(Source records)
----------------------------------------

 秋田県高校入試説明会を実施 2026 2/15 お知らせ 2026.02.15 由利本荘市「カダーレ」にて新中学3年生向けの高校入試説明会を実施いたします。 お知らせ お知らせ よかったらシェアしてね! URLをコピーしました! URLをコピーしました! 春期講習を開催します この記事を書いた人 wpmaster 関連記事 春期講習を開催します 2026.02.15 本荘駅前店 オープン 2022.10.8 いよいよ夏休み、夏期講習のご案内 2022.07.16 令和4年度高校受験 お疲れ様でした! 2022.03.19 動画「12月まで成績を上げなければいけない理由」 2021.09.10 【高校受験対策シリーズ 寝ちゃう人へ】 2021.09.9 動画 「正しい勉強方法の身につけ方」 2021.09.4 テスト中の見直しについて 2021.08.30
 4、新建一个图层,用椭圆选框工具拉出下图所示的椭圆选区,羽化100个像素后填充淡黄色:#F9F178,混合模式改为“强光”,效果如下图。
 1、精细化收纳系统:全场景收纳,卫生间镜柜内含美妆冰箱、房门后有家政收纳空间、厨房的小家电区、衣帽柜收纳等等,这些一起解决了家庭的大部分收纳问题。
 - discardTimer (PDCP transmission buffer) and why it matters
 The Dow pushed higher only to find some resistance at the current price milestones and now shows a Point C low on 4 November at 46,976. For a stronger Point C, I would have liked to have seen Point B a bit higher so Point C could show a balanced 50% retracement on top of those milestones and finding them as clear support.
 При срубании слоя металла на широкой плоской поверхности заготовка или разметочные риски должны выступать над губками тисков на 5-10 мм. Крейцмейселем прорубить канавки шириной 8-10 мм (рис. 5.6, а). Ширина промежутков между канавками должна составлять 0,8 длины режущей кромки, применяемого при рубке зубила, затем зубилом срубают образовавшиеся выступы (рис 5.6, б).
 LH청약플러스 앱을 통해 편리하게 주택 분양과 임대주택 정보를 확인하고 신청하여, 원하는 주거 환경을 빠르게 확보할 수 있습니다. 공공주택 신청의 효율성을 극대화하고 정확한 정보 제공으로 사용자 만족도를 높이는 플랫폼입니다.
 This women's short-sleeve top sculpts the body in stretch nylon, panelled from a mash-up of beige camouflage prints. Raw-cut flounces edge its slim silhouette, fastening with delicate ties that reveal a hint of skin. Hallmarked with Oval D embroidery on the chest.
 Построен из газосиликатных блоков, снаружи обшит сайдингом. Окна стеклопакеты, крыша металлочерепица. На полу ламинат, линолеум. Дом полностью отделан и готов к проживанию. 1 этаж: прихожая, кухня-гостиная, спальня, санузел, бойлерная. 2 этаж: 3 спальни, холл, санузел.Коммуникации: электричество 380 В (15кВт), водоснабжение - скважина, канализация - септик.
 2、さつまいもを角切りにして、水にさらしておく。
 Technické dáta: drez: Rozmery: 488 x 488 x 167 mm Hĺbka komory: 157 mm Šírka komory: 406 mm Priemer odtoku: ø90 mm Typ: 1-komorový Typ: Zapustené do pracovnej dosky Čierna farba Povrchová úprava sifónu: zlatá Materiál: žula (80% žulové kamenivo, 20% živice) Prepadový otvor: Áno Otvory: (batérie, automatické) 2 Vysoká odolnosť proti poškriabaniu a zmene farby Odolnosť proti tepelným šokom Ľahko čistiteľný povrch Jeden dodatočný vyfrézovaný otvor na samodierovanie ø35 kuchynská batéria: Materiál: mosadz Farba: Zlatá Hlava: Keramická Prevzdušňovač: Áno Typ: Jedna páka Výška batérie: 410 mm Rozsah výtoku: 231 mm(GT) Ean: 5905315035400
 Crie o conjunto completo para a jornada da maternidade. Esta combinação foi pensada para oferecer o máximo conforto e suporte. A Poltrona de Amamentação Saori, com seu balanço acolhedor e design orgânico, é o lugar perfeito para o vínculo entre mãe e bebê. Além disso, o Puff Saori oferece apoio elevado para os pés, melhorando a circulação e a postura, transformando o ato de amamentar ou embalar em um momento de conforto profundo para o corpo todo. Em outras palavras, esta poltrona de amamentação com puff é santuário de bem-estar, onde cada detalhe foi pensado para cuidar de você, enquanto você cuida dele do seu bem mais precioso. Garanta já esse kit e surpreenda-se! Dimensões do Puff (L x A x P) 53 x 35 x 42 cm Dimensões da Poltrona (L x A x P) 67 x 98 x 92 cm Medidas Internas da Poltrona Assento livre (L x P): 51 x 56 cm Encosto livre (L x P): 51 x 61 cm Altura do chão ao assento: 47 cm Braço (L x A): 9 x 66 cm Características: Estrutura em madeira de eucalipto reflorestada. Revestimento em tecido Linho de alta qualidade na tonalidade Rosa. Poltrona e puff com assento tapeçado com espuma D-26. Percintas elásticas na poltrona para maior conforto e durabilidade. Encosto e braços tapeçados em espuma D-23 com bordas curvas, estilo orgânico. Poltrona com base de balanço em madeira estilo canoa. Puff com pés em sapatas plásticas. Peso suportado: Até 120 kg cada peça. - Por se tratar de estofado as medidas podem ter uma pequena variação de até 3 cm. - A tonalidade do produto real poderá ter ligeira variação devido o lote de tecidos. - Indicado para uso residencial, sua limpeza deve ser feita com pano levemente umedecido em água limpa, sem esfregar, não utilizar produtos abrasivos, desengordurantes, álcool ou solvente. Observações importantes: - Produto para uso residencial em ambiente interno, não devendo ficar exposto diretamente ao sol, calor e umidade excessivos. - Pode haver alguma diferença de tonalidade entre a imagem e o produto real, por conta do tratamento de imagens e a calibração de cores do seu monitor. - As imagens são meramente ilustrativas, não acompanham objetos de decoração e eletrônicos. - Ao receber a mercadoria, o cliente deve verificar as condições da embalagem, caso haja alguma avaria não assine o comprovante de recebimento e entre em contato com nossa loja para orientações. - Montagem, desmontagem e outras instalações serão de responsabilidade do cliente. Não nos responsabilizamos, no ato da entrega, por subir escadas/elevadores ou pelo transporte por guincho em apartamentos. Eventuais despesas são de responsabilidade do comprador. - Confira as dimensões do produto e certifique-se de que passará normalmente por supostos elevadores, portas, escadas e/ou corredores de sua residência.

----------------------------------------

Print each entry precisely. Include every line.

_Output of the exercise_.
 秋田県高校入試説明会を実施 2026 2/15 お知らせ 2026.02.15 由利本荘市「カダーレ」にて新中学3年生向けの高校入試説明会を実施いたします。 お知らせ お知らせ よかったらシェアしてね! URLをコピーしました! URLをコピーしました! 春期講習を開催します この記事を書いた人 wpmaster 関連記事 春期講習を開催します 2026.02.15 本荘駅前店 オープン 2022.10.8 いよいよ夏休み、夏期講習のご案内 2022.07.16 令和4年度高校受験 お疲れ様でした! 2022.03.19 動画「12月まで成績を上げなければいけない理由」 2021.09.10 【高校受験対策シリーズ 寝ちゃう人へ】 2021.09.9 動画 「正しい勉強方法の身につけ方」 2021.09.4 テスト中の見直しについて 2021.08.30
 4、新建一个图层,用椭圆选框工具拉出下图所示的椭圆选区,羽化100个像素后填充淡黄色:#F9F178,混合模式改为“强光”,效果如下图。
 1、精细化收纳系统:全场景收纳,卫生间镜柜内含美妆冰箱、房门后有家政收纳空间、厨房的小家电区、衣帽柜收纳等等,这些一起解决了家庭的大部分收纳问题。
 - discardTimer (PDCP transmission buffer) and why it matters
 The Dow pushed higher only to find some resistance at the current price milestones and now shows a Point C low on 4 November at 46,976. For a stronger Point C, I would have liked to have seen Point B a bit higher so Point C could show a balanced 50% retracement on top of those milestones and finding them as clear support.
 При срубании слоя металла на широкой плоской поверхности заготовка или разметочные риски должны выступать над губками тисков на 5-10 мм. Крейцмейселем прорубить канавки шириной 8-10 мм (рис. 5.6, а). Ширина промежутков между канавками должна составлять 0,8 длины режущей кромки, применяемого при рубке зубила, затем зубилом срубают образовавшиеся выступы (рис 5.6, б).
 LH청약플러스 앱을 통해 편리하게 주택 분양과 임대주택 정보를 확인하고 신청하여, 원하는 주거 환경을 빠르게 확보할 수 있습니다. 공공주택 신청의 효율성을 극대화하고 정확한 정보 제공으로 사용자 만족도를 높이는 플랫폼입니다.
 This women's short-sleeve top sculpts the body in stretch nylon, panelled from a mash-up of beige camouflage prints. Raw-cut flounces edge its slim silhouette, fastening with delicate ties that reveal a hint of skin. Hallmarked with Oval D embroidery on the chest.
 Построен из газосиликатных блоков, снаружи обшит сайдингом. Окна стеклопакеты, крыша металлочерепица. На полу ламинат, линолеум. Дом полностью отделан и готов к проживанию. 1 этаж: прихожая, кухня-гостиная, спальня, санузел, бойлерная. 2 этаж: 3 спальни, холл, санузел.Коммуникации: электричество 380 В (15кВт), водоснабжение - скважина, канализация - септик.
 2、さつまいもを角切りにして、水にさらしておく。
 Technické dáta: drez: Rozmery: 488 x 488 x 167 mm Hĺbka komory: 157 mm Šírka komory: 406 mm Priemer odtoku: ø90 mm Typ: 1-komorový Typ: Zapustené do pracovnej dosky Čierna farba Povrchová úprava sifónu: zlatá Materiál: žula (80% žulové kamenivo, 20% živice) Prepadový otvor: Áno Otvory: (batérie, automatické) 2 Vysoká odolnosť proti poškriabaniu a zmene farby Odolnosť proti tepelným šokom Ľahko čistiteľný povrch Jeden dodatočný vyfrézovaný otvor na samodierovanie ø35 kuchynská batéria: Materiál: mosadz Farba: Zlatá Hlava: Keramická Prevzdušňovač: Áno Typ: Jedna páka Výška batérie: 410 mm Rozsah výtoku: 231 mm(GT) Ean: 5905315035400
 Crie o conjunto completo para a jornada da maternidade. Esta combinação foi pensada para oferecer o máximo conforto e suporte. A Poltrona de Amamentação Saori, com seu balanço acolhedor e design orgânico, é o lugar perfeito para o vínculo entre mãe e bebê. Além disso, o Puff Saori oferece apoio elevado para os pés, melhorando a circulação e a postura, transformando o ato de amamentar ou embalar em um momento de conforto profundo para o corpo todo. Em outras palavras, esta poltrona de amamentação com puff é santuário de bem-estar, onde cada detalhe foi pensado para cuidar de você, enquanto você cuida dele do seu bem mais precioso. Garanta já esse kit e surpreenda-se! Dimensões do Puff (L x A x P) 53 x 35 x 42 cm Dimensões da Poltrona (L x A x P) 67 x 98 x 92 cm Medidas Internas da Poltrona Assento livre (L x P): 51 x 56 cm Encosto livre (L x P): 51 x 61 cm Altura do chão ao assento: 47 cm Braço (L x A): 9 x 66 cm Características: Estrutura em madeira de eucalipto reflorestada. Revestimento em tecido Linho de alta qualidade na tonalidade Rosa. Poltrona e puff com assento tapeçado com espuma D-26. Percintas elásticas na poltrona para maior conforto e durabilidade. Encosto e braços tapeçados em espuma D-23 com bordas curvas, estilo orgânico. Poltrona com base de balanço em madeira estilo canoa. Puff com pés em sapatas plásticas. Peso suportado: Até 120 kg cada peça. - Por se tratar de estofado as medidas podem ter uma pequena variação de até 3 cm. - A tonalidade do produto real poderá ter ligeira variação devido o lote de tecidos. - Indicado para uso residencial, sua limpeza deve ser feita com pano levemente umedecido em água limpa, sem esfregar, não utilizar produtos abrasivos, desengordurantes, álcool ou solvente. Observações importantes: - Produto para uso residencial em ambiente interno, não devendo ficar exposto diretamente ao sol, calor e umidade excessivos. - Pode haver alguma diferença de tonalidade entre a imagem e o produto real, por conta do tratamento de imagens e a calibração de cores do seu monitor. - As imagens são meramente ilustrativas, não acompanham objetos de decoração e eletrônicos. - Ao receber a mercadoria, o cliente deve verificar as condições da embalagem, caso haja alguma avaria não assine o comprovante de recebimento e entre em contato com nossa loja para orientações. - Montagem, desmontagem e outras instalações serão de responsabilidade do cliente. Não nos responsabilizamos, no ato da entrega, por subir escadas/elevadores ou pelo transporte por guincho em apartamentos. Eventuais despesas são de responsabilidade do comprador. - Confira as dimensões do produto e certifique-se de que passará normalmente por supostos elevadores, portas, escadas e/ou corredores de sua residência.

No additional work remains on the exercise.